### WHAT TO PRODUCE
Below is a listing with pictures in it; transcribe exactly the lines from the one that has "Arjantinli Diego Maradona, Arjantin’in" through the one that has "지원대상은 ‘2020년 소규모", and omit those pictures.

### MATERIAL FOR THE TASK
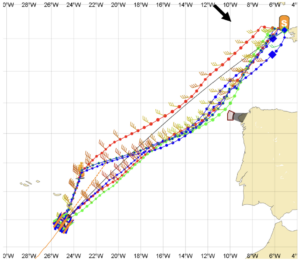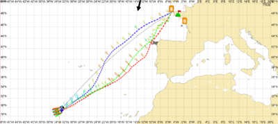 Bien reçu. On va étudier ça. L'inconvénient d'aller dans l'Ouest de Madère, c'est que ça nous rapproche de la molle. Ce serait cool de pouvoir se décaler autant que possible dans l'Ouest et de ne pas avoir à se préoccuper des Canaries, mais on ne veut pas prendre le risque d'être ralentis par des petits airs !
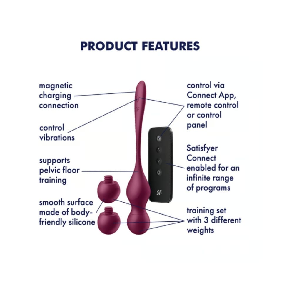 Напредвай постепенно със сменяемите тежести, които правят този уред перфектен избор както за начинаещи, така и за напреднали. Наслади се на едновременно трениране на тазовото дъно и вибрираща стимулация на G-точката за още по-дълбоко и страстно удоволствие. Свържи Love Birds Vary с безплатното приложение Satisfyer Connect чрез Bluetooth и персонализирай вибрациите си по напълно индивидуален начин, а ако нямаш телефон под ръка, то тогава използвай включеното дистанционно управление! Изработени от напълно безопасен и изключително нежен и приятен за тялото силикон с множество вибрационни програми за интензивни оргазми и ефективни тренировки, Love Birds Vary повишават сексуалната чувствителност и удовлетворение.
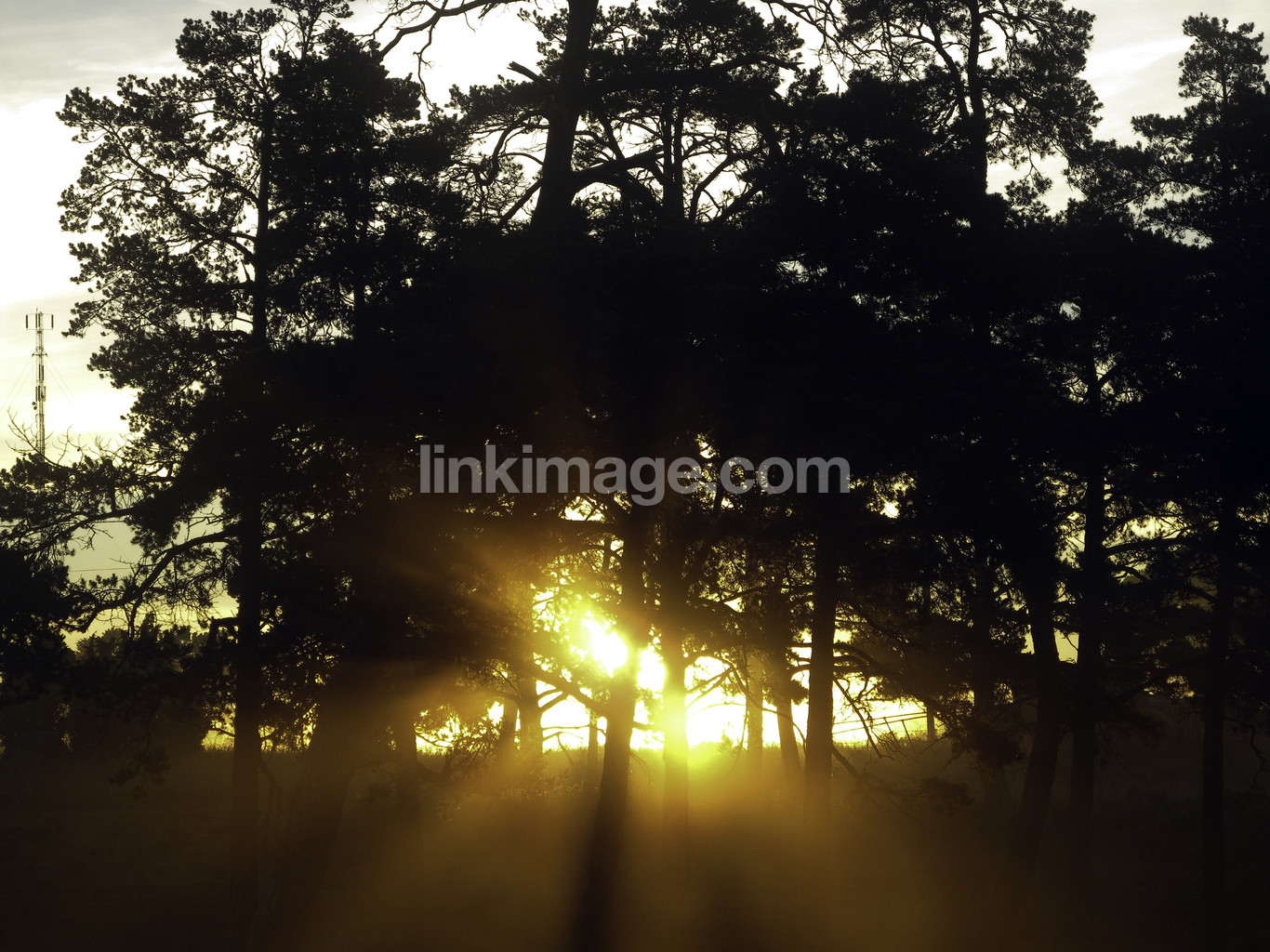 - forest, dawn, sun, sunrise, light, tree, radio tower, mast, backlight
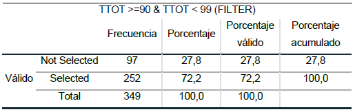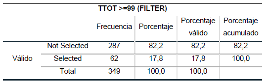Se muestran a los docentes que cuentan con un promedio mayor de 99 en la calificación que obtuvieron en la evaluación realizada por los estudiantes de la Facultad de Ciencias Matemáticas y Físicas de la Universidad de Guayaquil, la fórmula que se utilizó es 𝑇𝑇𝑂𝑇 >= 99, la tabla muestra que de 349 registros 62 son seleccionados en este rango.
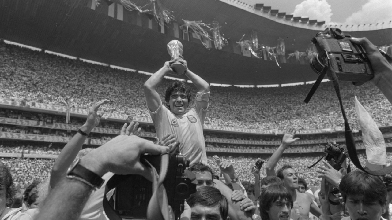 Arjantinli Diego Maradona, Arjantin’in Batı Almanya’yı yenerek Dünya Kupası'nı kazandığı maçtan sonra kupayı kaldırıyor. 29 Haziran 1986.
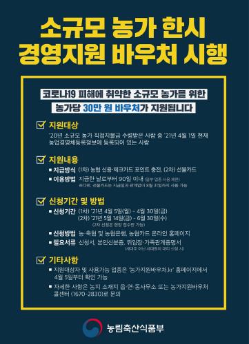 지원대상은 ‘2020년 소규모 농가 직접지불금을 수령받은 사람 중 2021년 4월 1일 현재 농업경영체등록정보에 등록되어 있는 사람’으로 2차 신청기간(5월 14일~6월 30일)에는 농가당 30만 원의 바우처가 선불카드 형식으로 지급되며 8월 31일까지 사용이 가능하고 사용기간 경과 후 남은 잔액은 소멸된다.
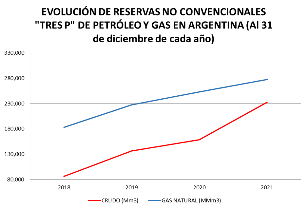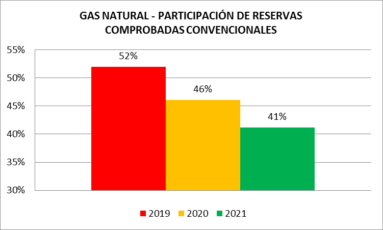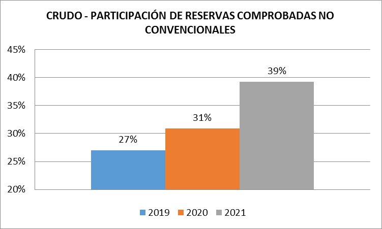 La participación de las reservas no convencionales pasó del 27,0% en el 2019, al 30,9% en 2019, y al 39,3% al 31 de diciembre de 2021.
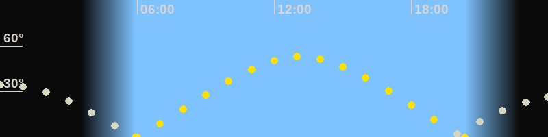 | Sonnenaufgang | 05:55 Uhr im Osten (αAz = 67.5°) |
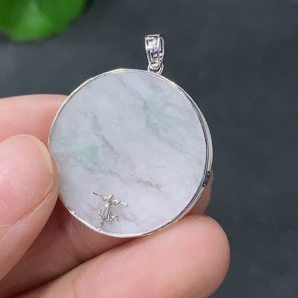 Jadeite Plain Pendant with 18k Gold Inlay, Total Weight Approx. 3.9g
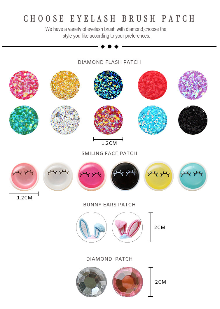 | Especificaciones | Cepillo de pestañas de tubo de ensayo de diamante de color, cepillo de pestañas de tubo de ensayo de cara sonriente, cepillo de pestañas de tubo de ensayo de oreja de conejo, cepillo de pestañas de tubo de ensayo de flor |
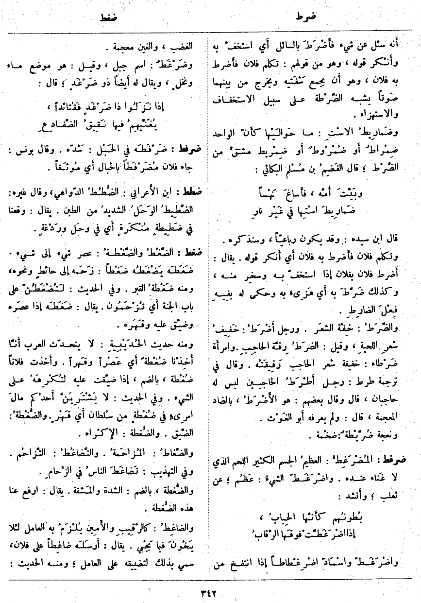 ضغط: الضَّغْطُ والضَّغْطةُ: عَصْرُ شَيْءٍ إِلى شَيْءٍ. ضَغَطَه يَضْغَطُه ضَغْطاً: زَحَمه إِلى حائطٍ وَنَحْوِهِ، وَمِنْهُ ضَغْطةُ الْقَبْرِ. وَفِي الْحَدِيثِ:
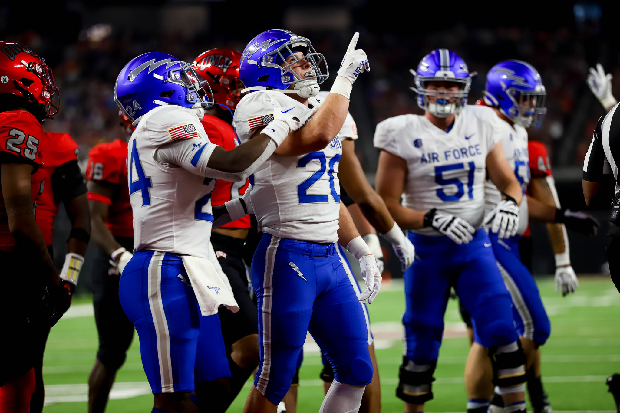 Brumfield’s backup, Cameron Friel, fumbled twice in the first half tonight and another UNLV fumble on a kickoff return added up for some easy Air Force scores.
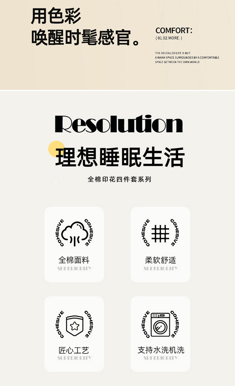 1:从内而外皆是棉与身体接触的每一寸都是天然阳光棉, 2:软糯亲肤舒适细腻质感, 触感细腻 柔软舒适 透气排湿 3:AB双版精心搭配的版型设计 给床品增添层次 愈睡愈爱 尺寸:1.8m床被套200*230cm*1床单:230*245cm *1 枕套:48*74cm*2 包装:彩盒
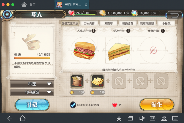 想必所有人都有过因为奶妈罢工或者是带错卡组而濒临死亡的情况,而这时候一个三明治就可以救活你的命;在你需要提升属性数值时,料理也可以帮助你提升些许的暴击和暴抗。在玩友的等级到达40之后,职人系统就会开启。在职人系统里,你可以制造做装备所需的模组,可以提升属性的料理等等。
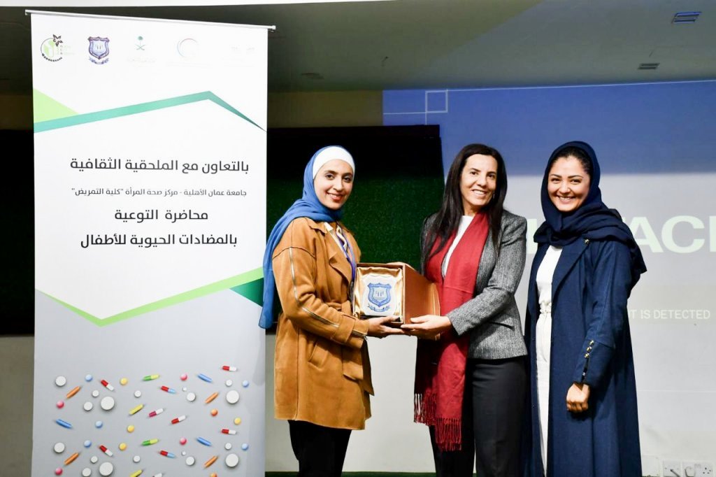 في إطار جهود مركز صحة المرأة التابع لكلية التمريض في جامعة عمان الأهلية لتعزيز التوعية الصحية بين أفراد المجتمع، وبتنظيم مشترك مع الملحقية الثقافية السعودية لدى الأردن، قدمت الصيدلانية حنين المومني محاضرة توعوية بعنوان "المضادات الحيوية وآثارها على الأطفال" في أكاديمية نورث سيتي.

...

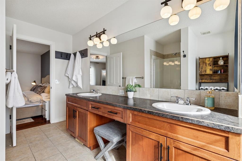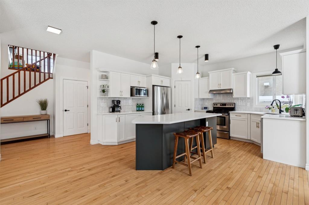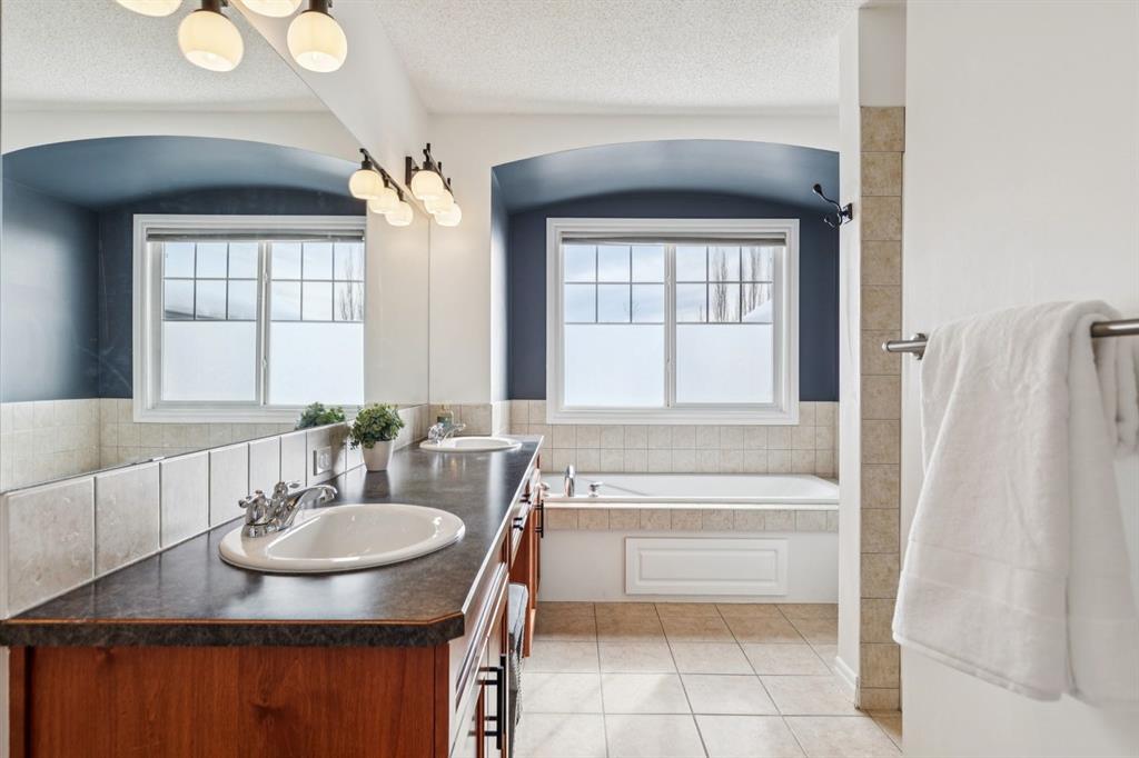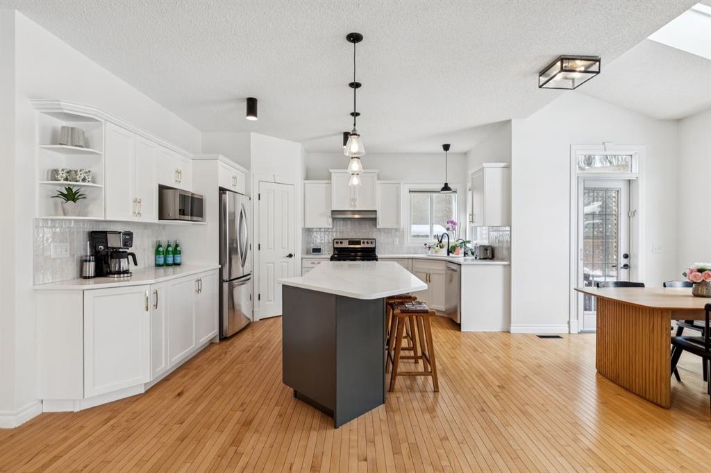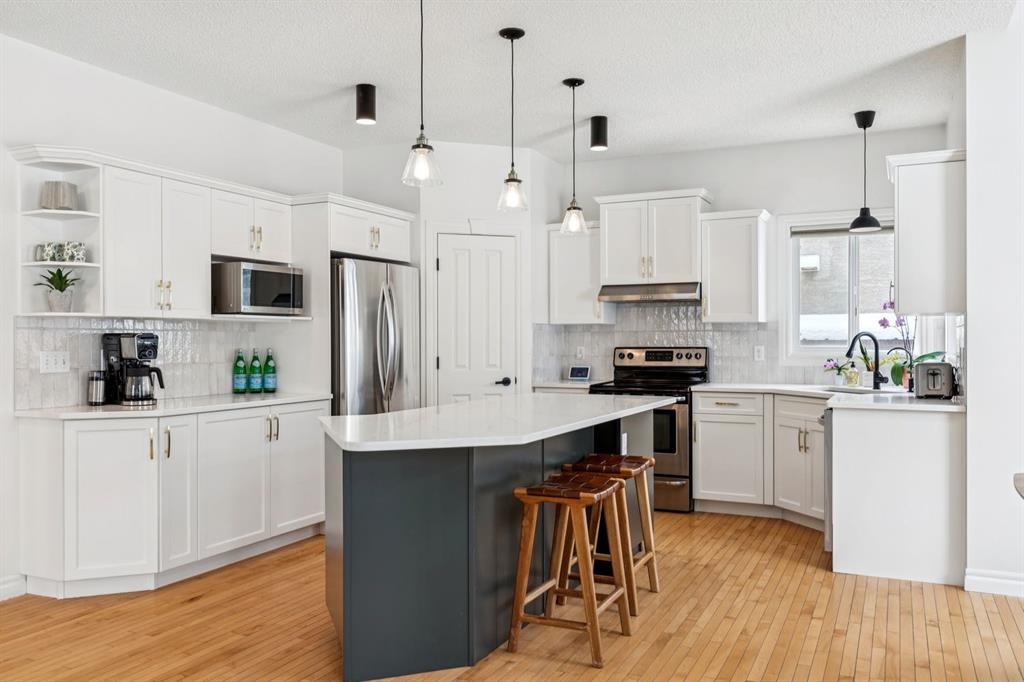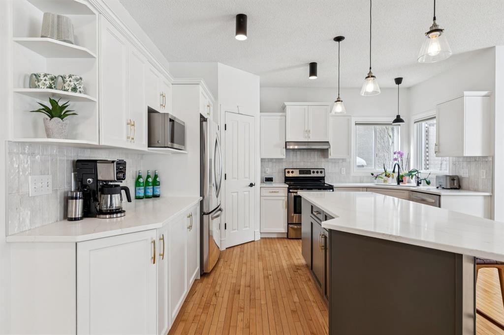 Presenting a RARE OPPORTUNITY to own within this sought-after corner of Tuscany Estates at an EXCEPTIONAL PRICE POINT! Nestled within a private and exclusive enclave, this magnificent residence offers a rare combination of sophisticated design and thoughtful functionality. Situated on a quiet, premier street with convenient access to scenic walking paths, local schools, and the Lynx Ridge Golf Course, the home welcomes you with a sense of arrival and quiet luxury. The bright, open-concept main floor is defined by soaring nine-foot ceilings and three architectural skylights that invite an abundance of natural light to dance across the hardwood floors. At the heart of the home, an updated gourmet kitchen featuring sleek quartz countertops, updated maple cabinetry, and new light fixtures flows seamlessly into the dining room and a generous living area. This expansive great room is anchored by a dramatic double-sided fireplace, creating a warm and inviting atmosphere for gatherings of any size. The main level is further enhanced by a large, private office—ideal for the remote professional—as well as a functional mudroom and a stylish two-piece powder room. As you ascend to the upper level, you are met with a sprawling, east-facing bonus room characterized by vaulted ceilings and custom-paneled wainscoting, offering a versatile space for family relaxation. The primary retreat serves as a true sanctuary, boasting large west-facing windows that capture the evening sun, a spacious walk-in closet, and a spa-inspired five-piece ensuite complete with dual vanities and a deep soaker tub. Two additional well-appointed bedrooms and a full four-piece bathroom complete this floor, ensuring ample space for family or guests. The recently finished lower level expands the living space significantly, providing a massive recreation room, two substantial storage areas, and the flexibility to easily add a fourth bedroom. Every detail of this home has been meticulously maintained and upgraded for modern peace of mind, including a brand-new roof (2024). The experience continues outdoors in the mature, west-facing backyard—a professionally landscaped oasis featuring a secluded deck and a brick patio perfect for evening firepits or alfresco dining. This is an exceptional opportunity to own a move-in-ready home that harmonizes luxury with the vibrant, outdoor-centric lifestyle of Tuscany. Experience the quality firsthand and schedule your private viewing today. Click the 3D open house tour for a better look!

### WRITTEN ANSWER
 Arjantinli Diego Maradona, Arjantin’in Batı Almanya’yı yenerek Dünya Kupası'nı kazandığı maçtan sonra kupayı kaldırıyor. 29 Haziran 1986.
 지원대상은 ‘2020년 소규모 농가 직접지불금을 수령받은 사람 중 2021년 4월 1일 현재 농업경영체등록정보에 등록되어 있는 사람’으로 2차 신청기간(5월 14일~6월 30일)에는 농가당 30만 원의 바우처가 선불카드 형식으로 지급되며 8월 31일까지 사용이 가능하고 사용기간 경과 후 남은 잔액은 소멸된다.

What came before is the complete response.